Ennahda sous tension
Le président, en conflit avec son chef du gouvernement et avec le mouvement Ennahda, estime qu’il s’agit d’une série de décisions « que nécessite la situation afin de sauver la Tunisie, l’Etat et le peuple tunisien ». Selon Kaïs Saïed, « nous traversons des moments très délicats dans l’histoire de la Tunisie ». Il affirme qu’il « se chargera du pouvoir exécutif avec l’aide d’un gouvernement dont le président sera désigné par le chef de l’Etat ». Selon nos informations, la situation est électrique à Montplaisir, au siège d’Ennahda. Le mouvement islamiste, qui s’était réuni ce soir, dénonce un « coup d’Etat ». Les sièges du mouvement à Kébili et Béja auraient été pris d’assaut par les populations locales. Ennahdha a appelé le peuple à « restaurer la démocratie » par des moyens pacifiques.

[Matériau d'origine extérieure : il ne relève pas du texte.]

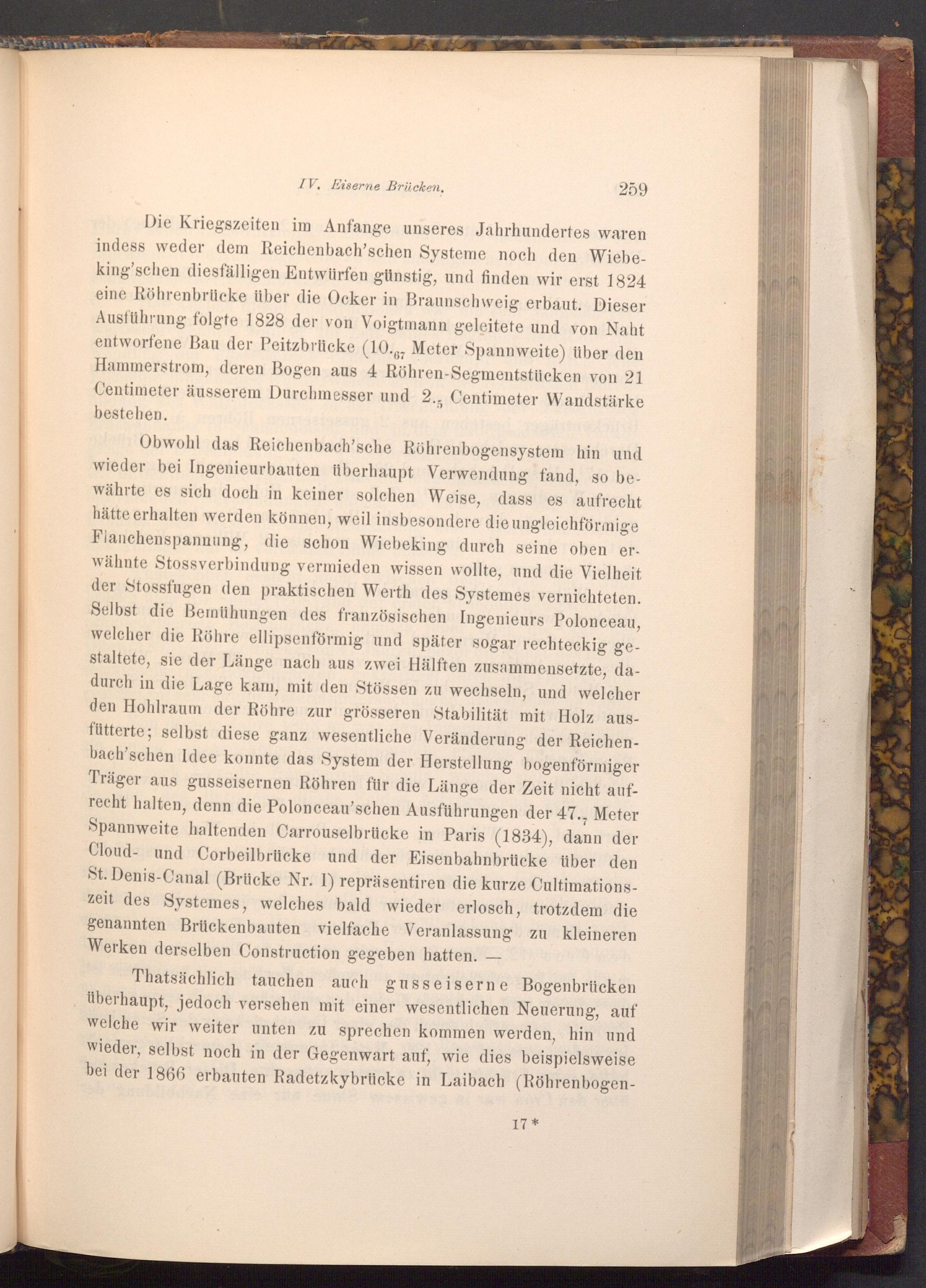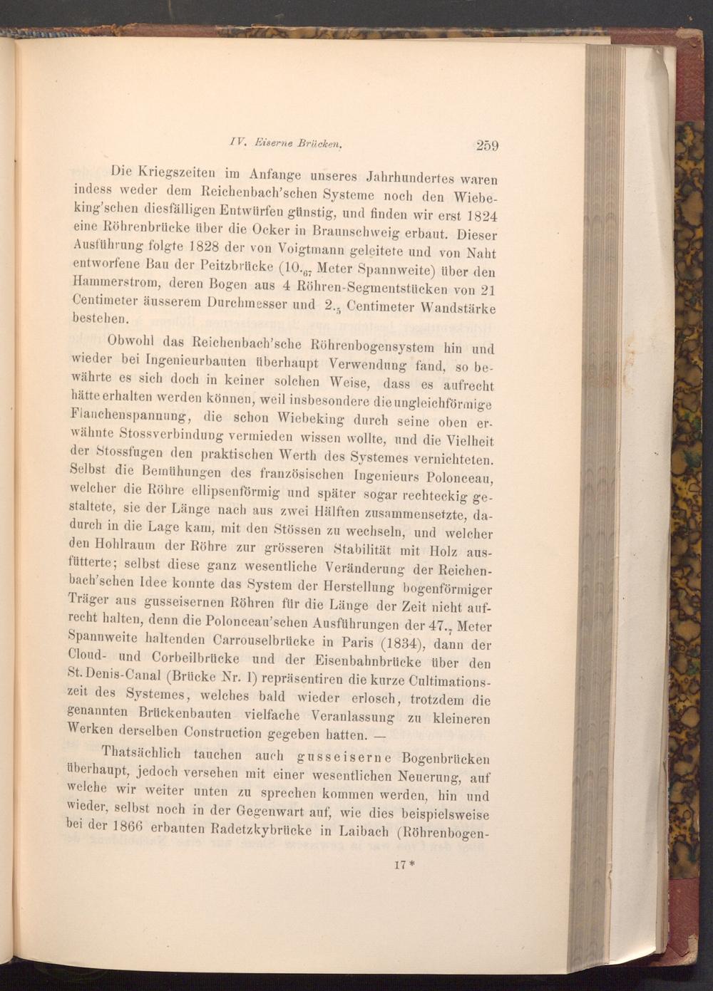 Thatsächlich tauchen auch gusseiserne Bogenbrücken überhaupt, jedoch versehen mit einer wesentlichen Neuerung, auf welche wir weiter unten zu sprechen kommen werden, hin und wieder, selbst noch in der Gegenwart auf, wie dies beispielsweise bei der 1866 erbauten Radetzkybrücke in Laibach( Röhrenbogen

En mai, un article de Middle East Eye indiquait que « les principaux conseillers de Kaïs Saïed ont exhorté le président tunisien à prendre le contrôle du pays au gouvernement ». Le magazine en ligne s’appuyait alors sur une note prétendument rédigée par les conseillers du président tunisien. Un « coup d’Etat constitutionnel » était envisagé, selon le jouraliste de MEE. Kaïs Saïed, après trois jours, avait fini par prendre la parole pour assurer que ni lui ni ses proches n’étaient « partisans d’un coup d’Etat, ni de ceux qui dérogent aux règles de la légitimité, mais nous sommes plutôt en faveur de la complémentarité entre les institutions ». Une réponse floue qui montre, aujourd’hui, que le président comptait bien prendre tous les pouvoirs à court terme.